“吃醋?”褚辰陽一時有些怔。
他從沒想過云笙會吃醋,因為云笙并沒有愛他,可現在一細想,云笙一向和那云清不和,定然是覺得自己偏私幫了她,才生氣了。
“你說的對,!”他拍了拍身后的太監,露出笑容。
太監也笑,陛下的情緒,也只有對天后娘娘時,才會這般五彩斑斕,要是生氣了,其實很好哄,只要說明,天后娘娘是在意他的,就定能哄好。
被哄好后的褚辰陽又高高興興的回到云笙的宮殿,走進去扭著她耐心解釋:“別生氣了,你要是不喜歡他們兩人結親,那我就不讓他們結親就是了!好不好?”
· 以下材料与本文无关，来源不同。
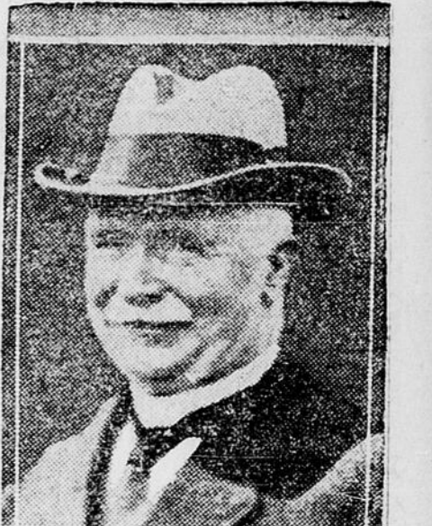
Le premier ministre MASSEY qui vient d'être réélu chef du gouvernement Nouveau-Zélandais. Tous ses ministres ont été réélus, à l'exception de un, dont le vote a été égal à celui de son adversaire.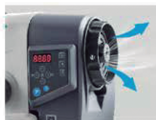
Volante com ventilação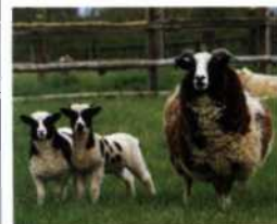
Schafe einer Farm bei Newbridge Demesne, nördlich von Dublin

Nahverkehrsnetz Hintere Umschlaginnenseiten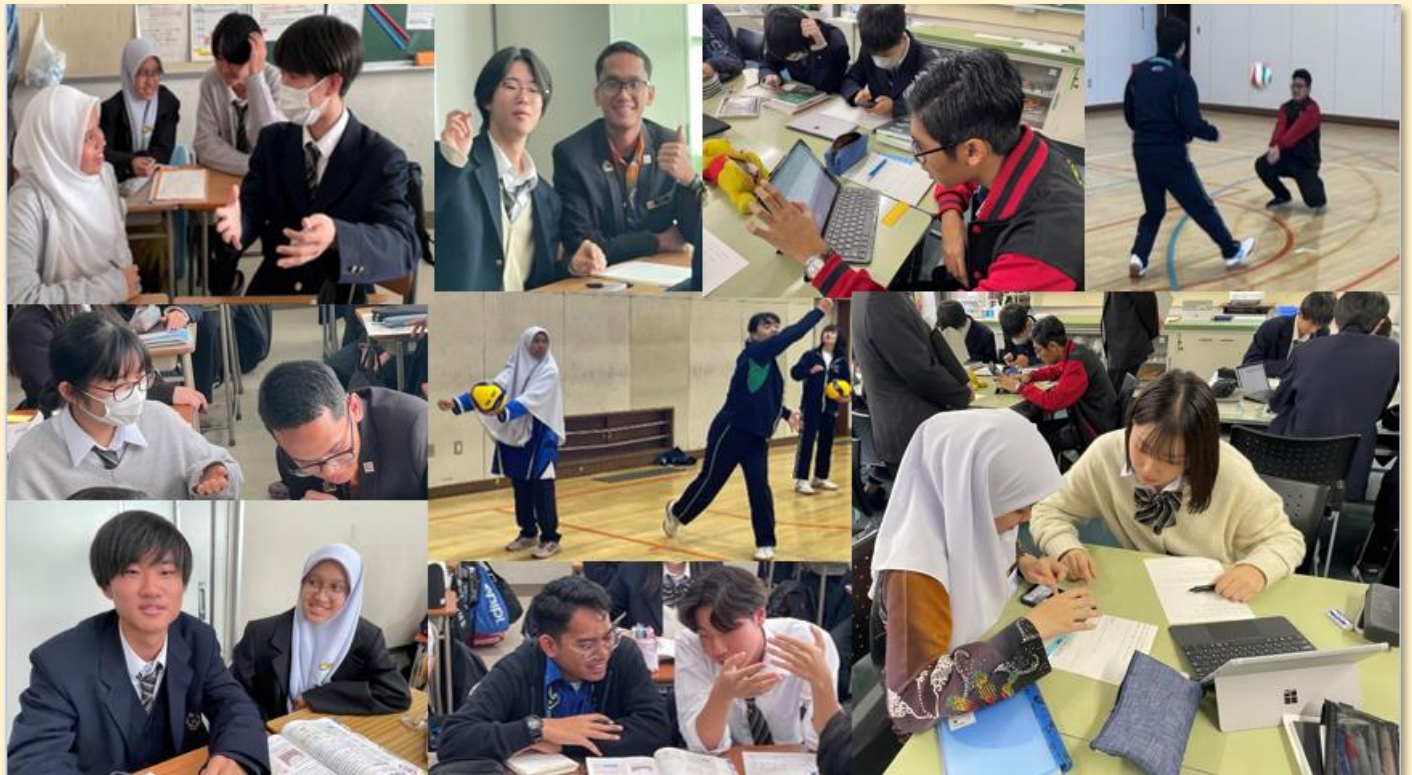
数学・音楽・体育・英語・地理・保健などの授業に参加しました。

◆世界って広いのに意外と身近だと思った。他言語を使い、文化も全く違うけど私達と同じように彼らも高校生として勉強して、運動やスポーツをやって、遊んで色々なことをやっていると思うと、とても嬉しかった。これからももっと異文化や異国の地に触れたい。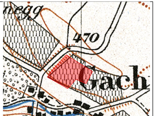
Abbildung 2: Siegfriedkarte 1883, 1:25'000 (Äquidistanz 10m)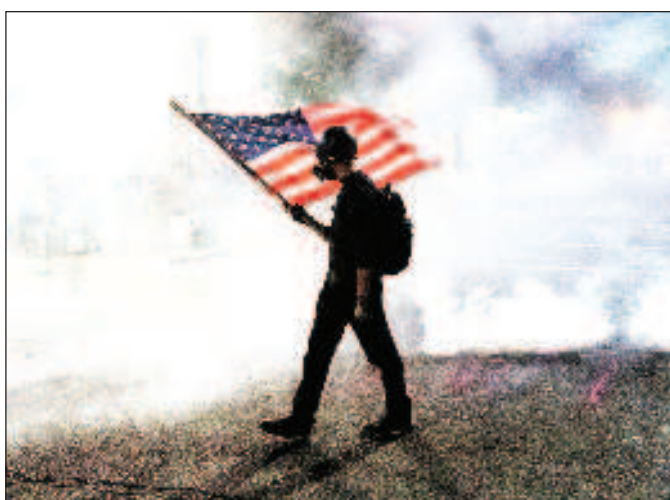
The Daily Wire предече недостиг на енергоресурси и продоволствия в САЩ заради политиката на техния президент

"През последните две години онова, което ни се струваше, че никога няма да се случи, стана реалност. Въвеждане едновременно на пълномощабни локдауни, затваряне на църкви, носене на маски по заповед на федералното правителство, икономика, която просто спря, а сега и недостиг на продоволствия", пише Ноулс. Президентът на САЩ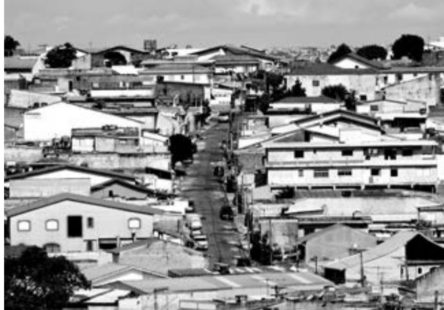
Melhoria no sistema de cadastramento de imóveis auxiliou na arrecadação

to escolhidas pelos contribuintes para pagamento do imposto manteve-se praticamente estável. Neste ano, 32,5% optaram por quitar o IPTU com cota única, aproveitando assim o bônus de 10% concedido pela Prefeitura para os pagamentos à vista até a data limite estipulada nos carnês. Em 2014, o índice dos que preferiram essa forma de quitação do imposto foi de 32,4%.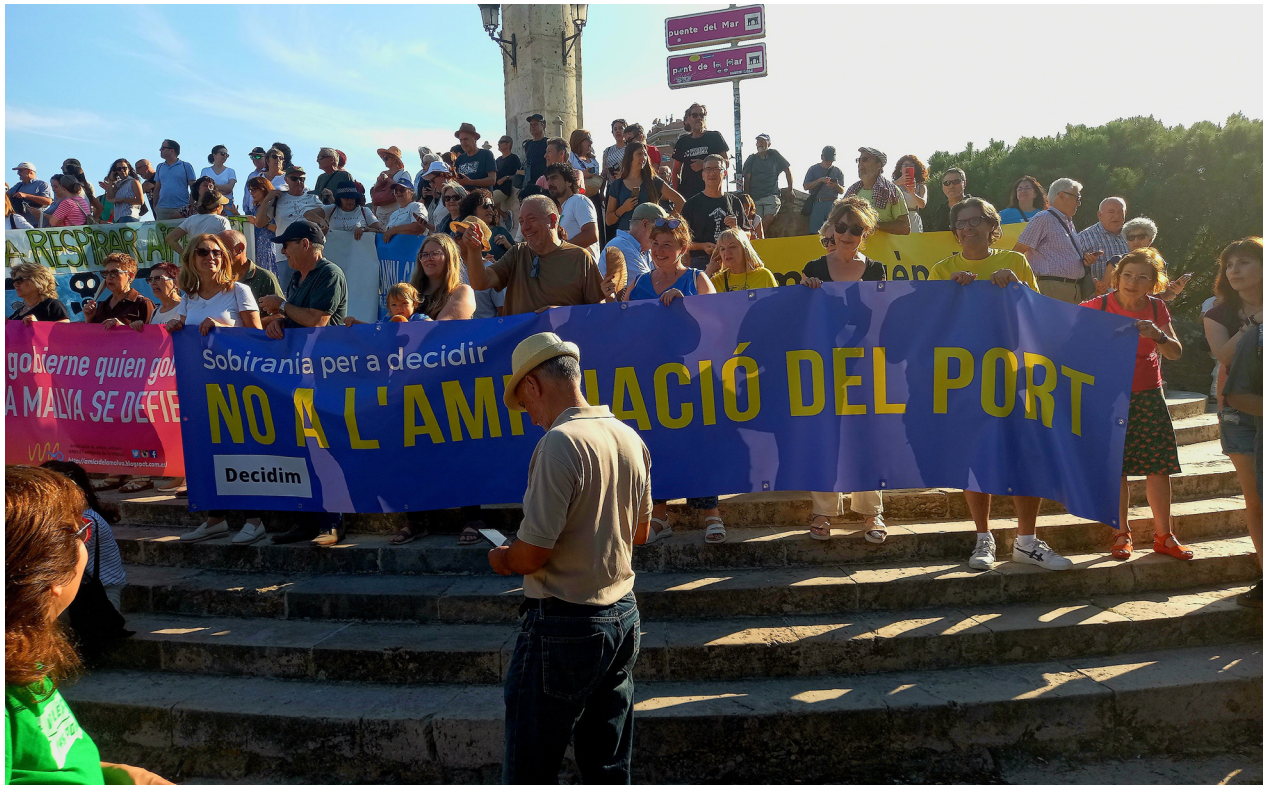
Manifestació “No ampliació Port” de València

d’Antella i La Ribera en bici. Després de la lectura del Manifest una gran part dels assistents han pres el bany per reivindicar rius nets i vius

云笙別開臉不理他,抽出自己的手去擺弄桌子上那剛摘的海棠花,真是艷麗無比的。
“阿笙~你看看我~”褚辰陽巴巴湊到她面前去,“我這么好看,你多看兩眼好不好?”
“看看我嘛~現在多看看,要是等到我人老珠黃了,可就看不了了!”
云笙忍著笑:“到那個時候,我去看別人就行了。”
“不成!”褚辰陽一口否決她:“你不準看別人,一時一刻都不成,只能看我!”
“那可說不準啊!”
褚辰陽不滿看著她,捧起她的臉,直勾勾與她對視上:“你的眼里只能有我,要是敢多看其他男人一眼,我就把那些人丟去喂狗!”
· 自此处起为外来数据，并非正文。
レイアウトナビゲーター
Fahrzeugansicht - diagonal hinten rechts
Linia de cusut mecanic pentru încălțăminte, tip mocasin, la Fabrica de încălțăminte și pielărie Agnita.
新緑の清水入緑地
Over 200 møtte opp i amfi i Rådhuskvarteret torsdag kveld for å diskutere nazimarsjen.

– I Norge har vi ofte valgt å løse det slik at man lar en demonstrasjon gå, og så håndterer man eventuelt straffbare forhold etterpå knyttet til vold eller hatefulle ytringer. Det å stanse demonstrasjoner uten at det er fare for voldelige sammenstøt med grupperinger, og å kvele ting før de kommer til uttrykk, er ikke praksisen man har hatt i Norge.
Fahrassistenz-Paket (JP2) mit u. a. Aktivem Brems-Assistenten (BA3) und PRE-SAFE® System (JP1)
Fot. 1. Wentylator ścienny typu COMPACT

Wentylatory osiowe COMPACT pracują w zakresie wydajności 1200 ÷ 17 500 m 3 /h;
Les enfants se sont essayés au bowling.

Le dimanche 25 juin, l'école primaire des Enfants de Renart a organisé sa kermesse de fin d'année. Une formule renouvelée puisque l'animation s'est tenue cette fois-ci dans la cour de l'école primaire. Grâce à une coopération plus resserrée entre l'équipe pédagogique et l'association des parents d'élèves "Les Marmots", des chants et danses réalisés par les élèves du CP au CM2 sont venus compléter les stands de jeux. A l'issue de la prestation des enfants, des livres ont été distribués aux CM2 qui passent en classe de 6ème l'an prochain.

云笙扒開他的手:“這么兇,那是不是也要一并把我丟去喂狗啊?”
“怎么會?我怎么可能這樣對你呢?”
“你是皇帝,怎么不會呢?我覺得你很會啊!說不定等我人老珠黃的時候,就去寵幸那些年輕漂亮的姑娘去了。就許你們男人三妻四妾,就不許女人多看幾眼美男子嗎?”
“我不會的!你相信我!”
云笙依舊不理會他,心里滿是不信任,可以說,她對所有人,都不信任,但她需要利用,便只能裝作信任,好拿捏住這些臭男人。
褚辰陽握住她的肩,將她輕輕轉過身來,捏住她的手摸向自己的胸口:“這么久了,你害不懂我的心嗎?”
“人心是會變的,誰知道往后會怎么樣?不然這天下,可能不會有負心薄幸之人了。”
“但我不會!”
褚辰陽握緊了她的手,不讓她抽出去,整個人異常堅定:“我知道現在說什么都是輕飄飄的,但往后,我會用我的一生,一切去向你證明的。”
云笙對上了那雙堅定的眼睛,里邊如同一面鏡子一樣,面對她時,總是清澈明亮的好看,仿佛會吸人魂魄般。。
云笙沒回答他的話,直截了當吻了上去,這就是她的另一面,及時行樂,縱情縱性,何必壓抑著自己呢?多難受啊?
宮人們會意都退了出去,褚辰陽兩手摟著人,回應著這個吻,加深旋轉,美妙到了極致。
他極其享受每一次與云笙的體驗,仿佛每一次,都會給他不同的感覺,這仿佛是種咒語,總是操控著他,讓他無時無刻不在想這個人,心里耐不住,身體也把持不住。
云笙勾著他,換上一副妖精的笑容:“要嗎?”
褚辰陽二話不說,直接將人打橫抱起,走去里邊的大床之上。
衣衫褪盡之時,兩具美麗的酮體是如此的契合又美好。
褚辰陽仿若飛上了云端,隨后沉沉掉下來,如此反復反復,輕重緩急刺激著他,另他一時有些把控不住力道,手上青筋橫起,一聲怒吼之后,貼在云笙耳邊:“阿笙,我愛你。”
“嗯…”云笙只是輕輕回應他一聲,表示知道了。
可褚辰陽卻覺得她不知道,永遠也不知道他有多愛她,只要是關于她的,他都愛。
…
鐘懷一會到家里就開始前前后后開始準備聘禮了,孟沅如今管著后院,知道鐘懷的舉動,一時心神不安的感覺。